Así que di mi consentimiento. Cuando volvieron Diana y Mary, y la primera se enteró de que su hermano le había birlado la alumna, se echó a reír. Tanto ella como Mary comentaron que a ninguna de ellas habría logrado persuadirlas St. John para tomar una decisión semejante.
—Ya lo sabía —contestó él en voz baja.
Resultó ser un maestro muy tolerante, pero también muy exigente. Esperaba mucho de mí, y cuando colmaba sus expectativas no dejaba nunca, aunque a su manera, de manifestar su plena aprobación. Paulatinamente fue adquiriendo sobre mí un influjo que alicortaba mi libertad de pensamiento. Sus alabanzas me coaccionaban más que su indiferencia. Cuando lo tenía cerca ya no era capaz de hablar o reírme espontáneamente, porque una traba instintiva e inoportuna venía a recordarme que a él la vivacidad le molestaba, o al menos cuando era yo quien la exhibía. Sabía de sobra que solamente daba el visto bueno a las tareas serias y al humor equilibrado, y que todo esfuerzo por agradarle sosteniendo o siguiendo una dirección contraria era inútil. Me sentía como bajo un hechizo represivo. Cuando me decía «vete», me iba; «ven», venía, o «haz tal cosa», la hacía. Pero era una servidumbre contraria a mi gusto y a mi voluntad. Muchas veces pensaba que ojalá hubiera seguido ignorándome.

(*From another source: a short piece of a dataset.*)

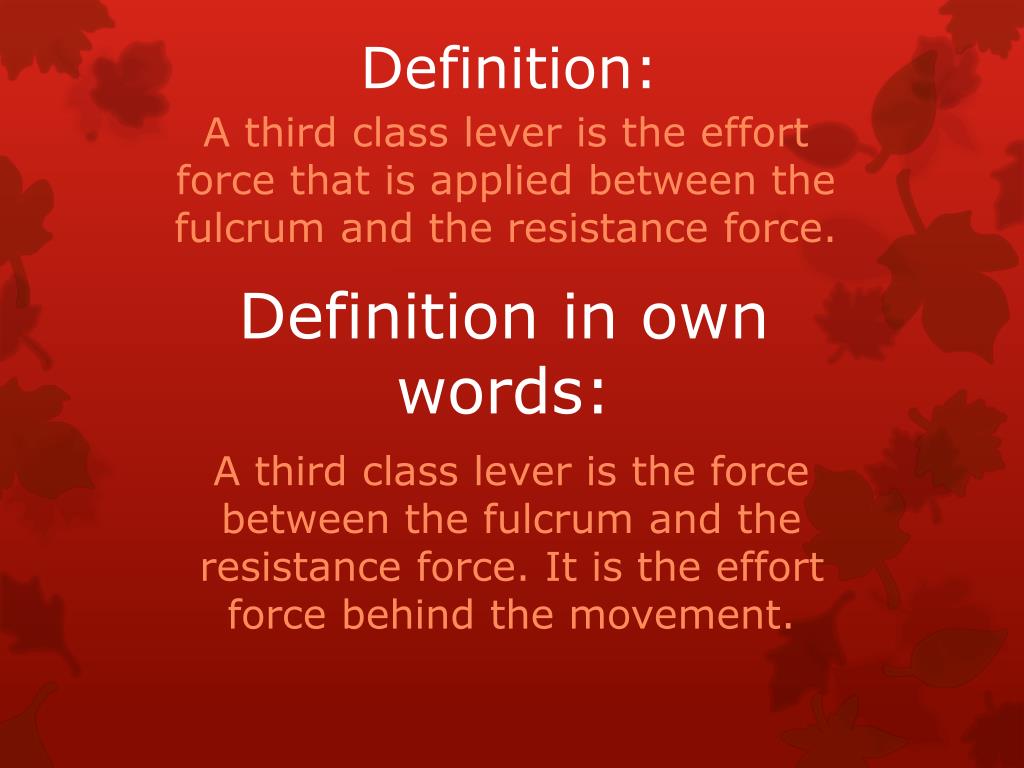 Definition in own words: Definition: A third class lever is the force between the fulcrum and the resistance force. It is the effort force behind the movement. A third class lever is the effort force that is applied between the fulcrum and the resistance force.

Una noche, a la hora de acostarnos, cuando sus hermanas y yo nos acercamos para desearle un buen descanso, las besó a ellas dos, como solía, y a mí me dio la mano, como hacía siempre. Diana, que no se sentía penosamente cohibida por el control de la voluntad fraterna, ya que la suya era también de hierro, le dijo en tono bromista, porque aquel día estaba de muy buen humor:
—¡Vaya, St. John! ¿Y tú eras el que llamabas a Jane «mi tercera hermana»? Pues no veo que la trates como a una hermana. ¿Por qué no le das un beso igual que a nosotras?
Me empujó hacia él, una actitud que encontré provocadora y que me hizo sentirme insegura y a disgusto por considerarlo así y por notar aquella incomodidad. St. John inclinó la cabeza, puso su rostro de rasgos griegos al nivel del mío y me besó, no sin antes haberme traspasado con sus ojos interrogantes. Si existieran besos de mármol o besos de hielo, diría que el saludo de mi sacerdotal primo había sido de esa clase. Pero como no los hay, llamaré a aquel un beso de tanteo, porque ese cariz de experimento tuvo. Después de besarme, se quedó mirándome, como para evaluar el resultado, aunque debió de sacar poco en limpio. Estoy segura de no haberme ruborizado, aunque tal vez palideciera un poco, porque sentía que aquel beso era como un precinto para sellar mis cadenas. A partir de entonces, nunca omitió aquella ceremonia. Y la gravedad y aquiescencia con que yo me sometía a ella parecía proporcionarle una especie de encanto.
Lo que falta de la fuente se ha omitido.